Your assignment
Pictures must not appear in the copy. Restate exactly the lines below from the one with "Contropiano - Friday, October" through the one with "кофе.Особенности и преимущества", inclusive.

Input for this task
- - - - -

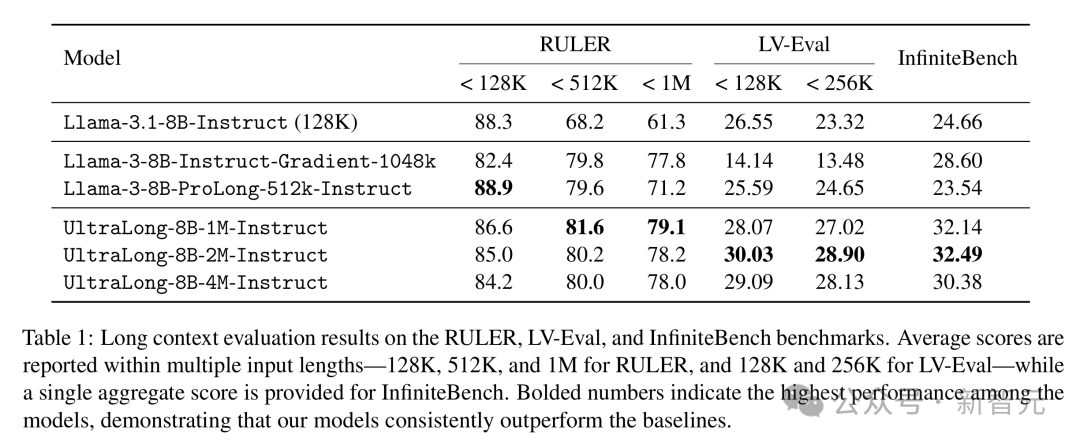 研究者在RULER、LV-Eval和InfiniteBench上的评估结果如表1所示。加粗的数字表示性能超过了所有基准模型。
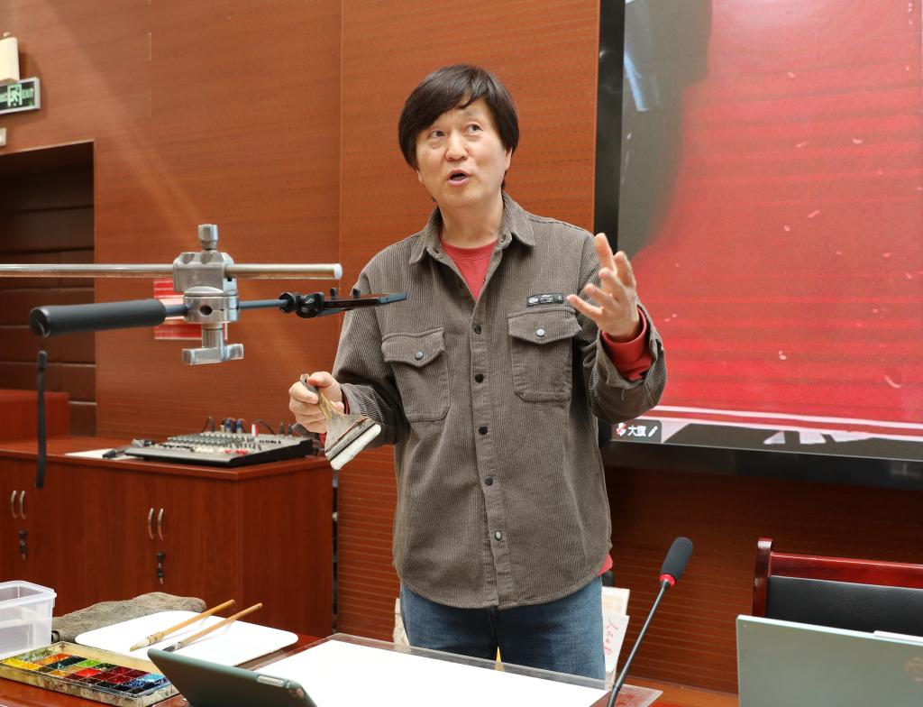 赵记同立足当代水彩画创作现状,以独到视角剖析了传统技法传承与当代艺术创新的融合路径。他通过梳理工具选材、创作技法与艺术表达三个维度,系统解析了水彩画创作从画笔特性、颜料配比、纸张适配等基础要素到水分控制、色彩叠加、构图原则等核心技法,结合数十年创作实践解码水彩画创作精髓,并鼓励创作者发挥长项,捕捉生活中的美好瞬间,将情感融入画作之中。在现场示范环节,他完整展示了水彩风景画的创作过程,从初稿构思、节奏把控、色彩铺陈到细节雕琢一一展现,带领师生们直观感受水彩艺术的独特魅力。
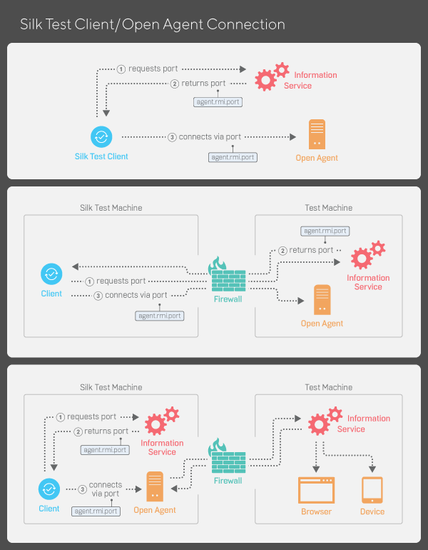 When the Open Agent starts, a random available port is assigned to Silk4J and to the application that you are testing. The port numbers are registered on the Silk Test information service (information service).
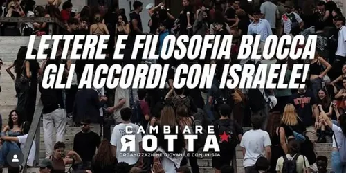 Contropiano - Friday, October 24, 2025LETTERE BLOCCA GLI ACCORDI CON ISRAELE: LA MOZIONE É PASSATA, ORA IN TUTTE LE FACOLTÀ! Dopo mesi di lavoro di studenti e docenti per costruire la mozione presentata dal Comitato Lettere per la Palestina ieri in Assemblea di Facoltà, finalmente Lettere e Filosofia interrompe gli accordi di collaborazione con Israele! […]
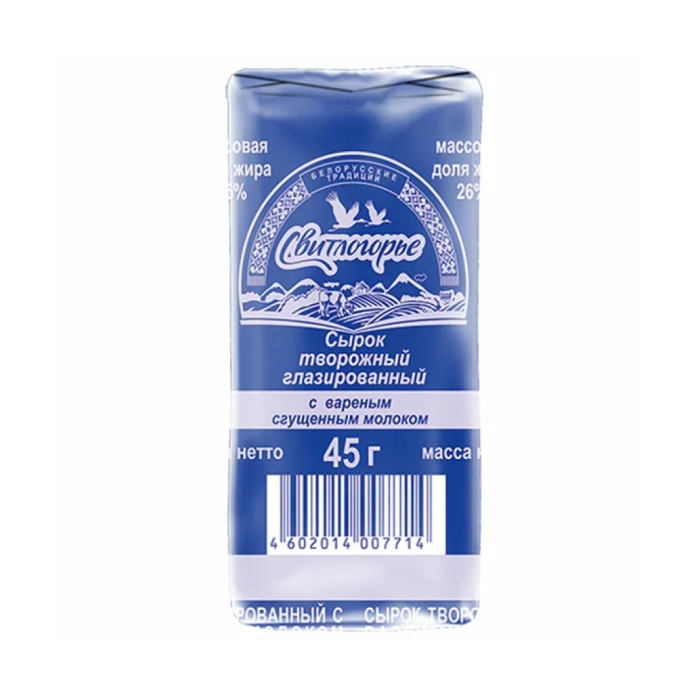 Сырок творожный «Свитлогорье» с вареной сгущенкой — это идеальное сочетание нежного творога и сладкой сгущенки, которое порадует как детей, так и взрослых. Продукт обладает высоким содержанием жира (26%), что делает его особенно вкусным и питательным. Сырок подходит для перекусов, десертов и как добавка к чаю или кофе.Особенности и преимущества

- - - - -

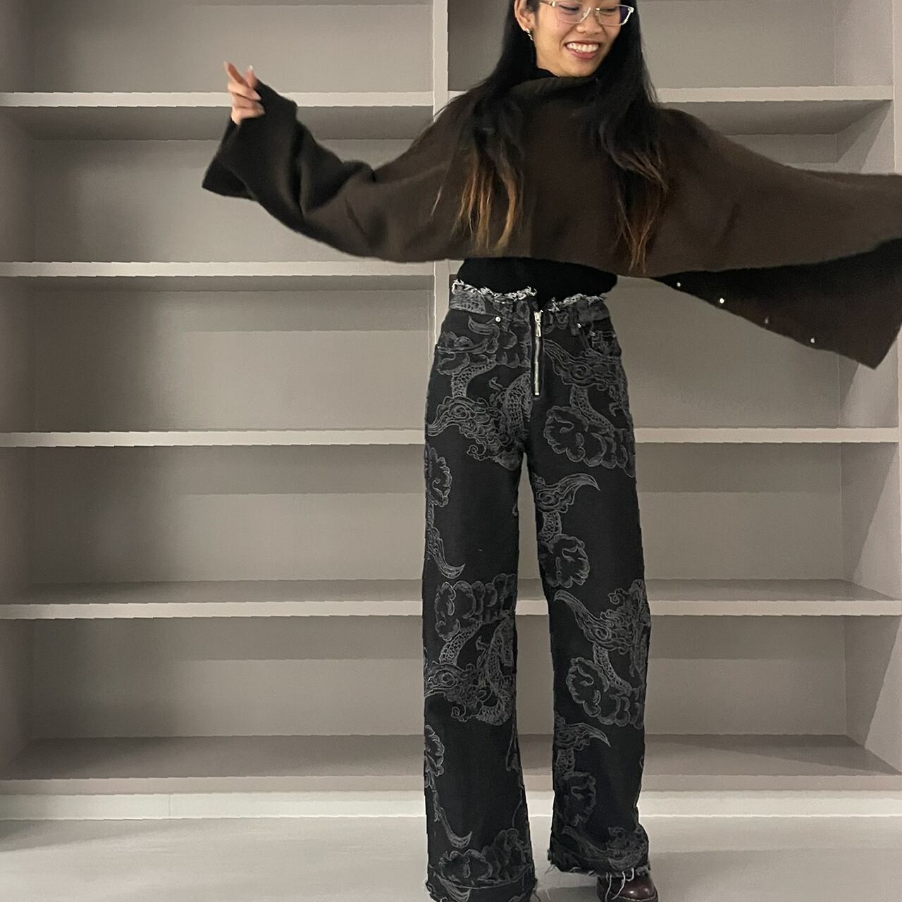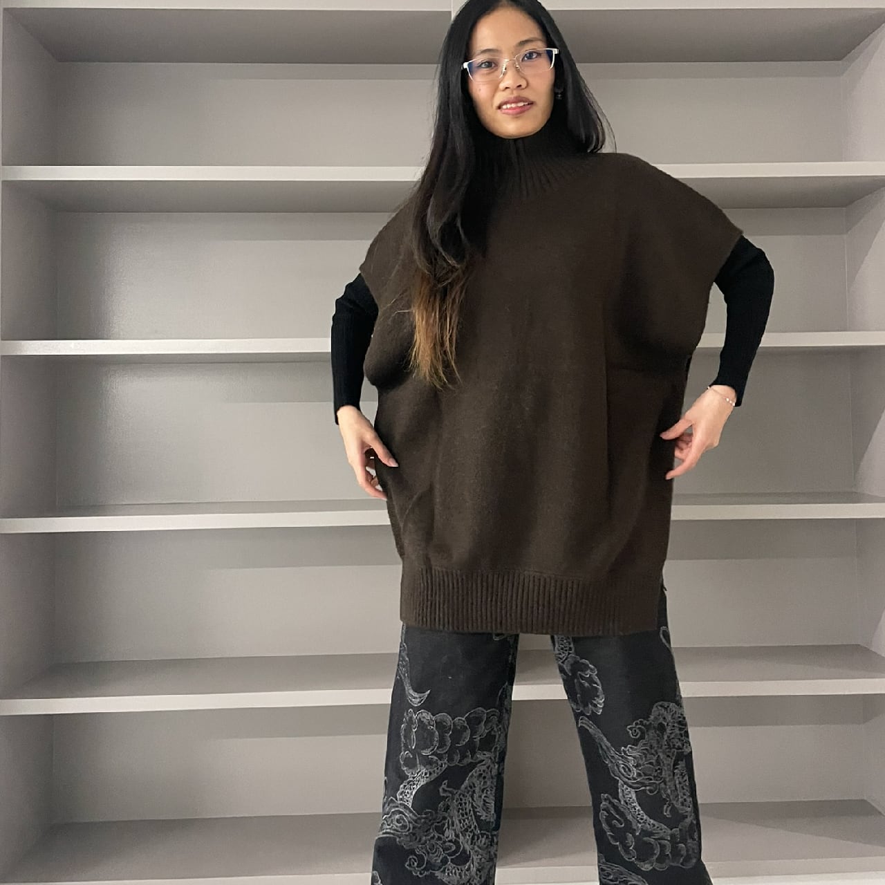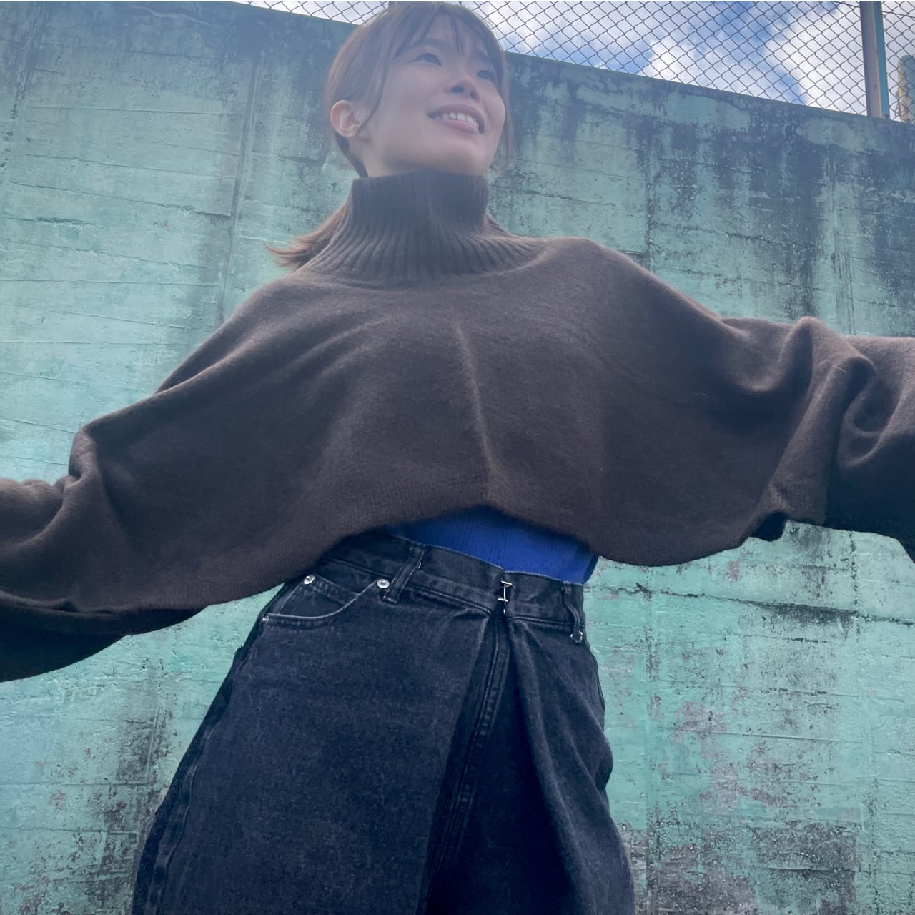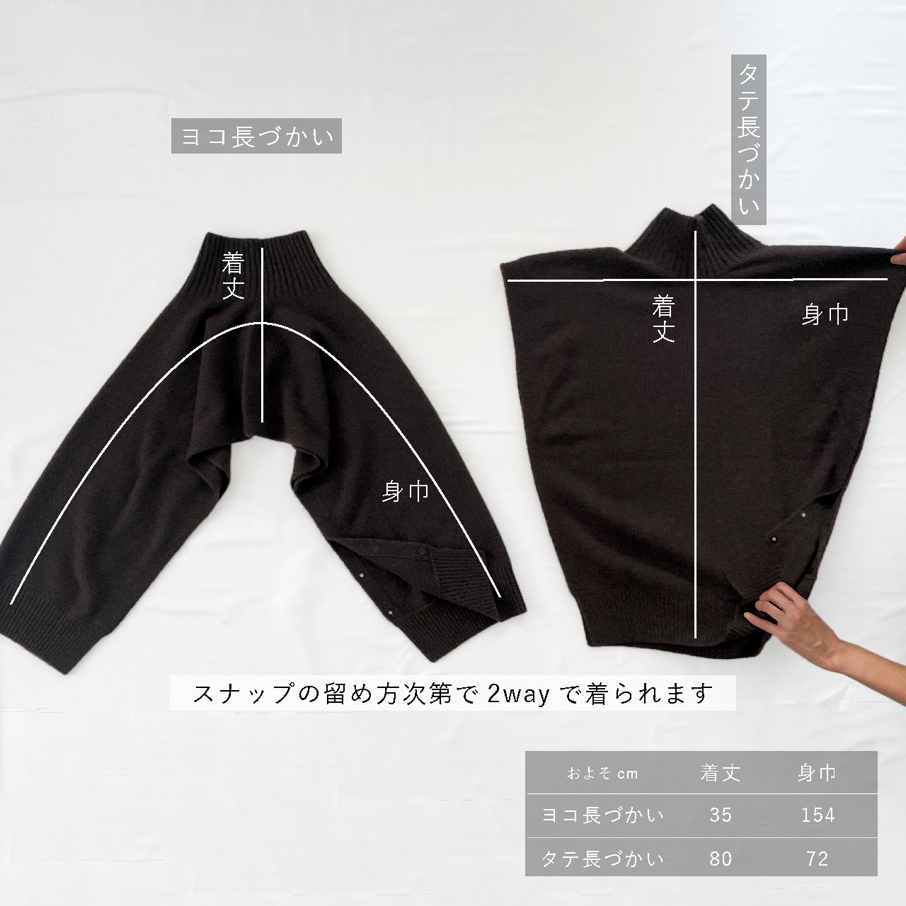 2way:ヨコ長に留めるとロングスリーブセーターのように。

- - - - -

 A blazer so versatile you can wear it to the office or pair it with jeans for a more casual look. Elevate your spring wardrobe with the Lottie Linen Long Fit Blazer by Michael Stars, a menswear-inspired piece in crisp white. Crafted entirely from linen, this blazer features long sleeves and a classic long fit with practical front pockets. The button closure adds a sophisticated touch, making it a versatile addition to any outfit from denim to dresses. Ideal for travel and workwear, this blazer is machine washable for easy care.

- - - - -

Reply
 Contropiano - Friday, October 24, 2025LETTERE BLOCCA GLI ACCORDI CON ISRAELE: LA MOZIONE É PASSATA, ORA IN TUTTE LE FACOLTÀ! Dopo mesi di lavoro di studenti e docenti per costruire la mozione presentata dal Comitato Lettere per la Palestina ieri in Assemblea di Facoltà, finalmente Lettere e Filosofia interrompe gli accordi di collaborazione con Israele! […]
 Сырок творожный «Свитлогорье» с вареной сгущенкой — это идеальное сочетание нежного творога и сладкой сгущенки, которое порадует как детей, так и взрослых. Продукт обладает высоким содержанием жира (26%), что делает его особенно вкусным и питательным. Сырок подходит для перекусов, десертов и как добавка к чаю или кофе.Особенности и преимущества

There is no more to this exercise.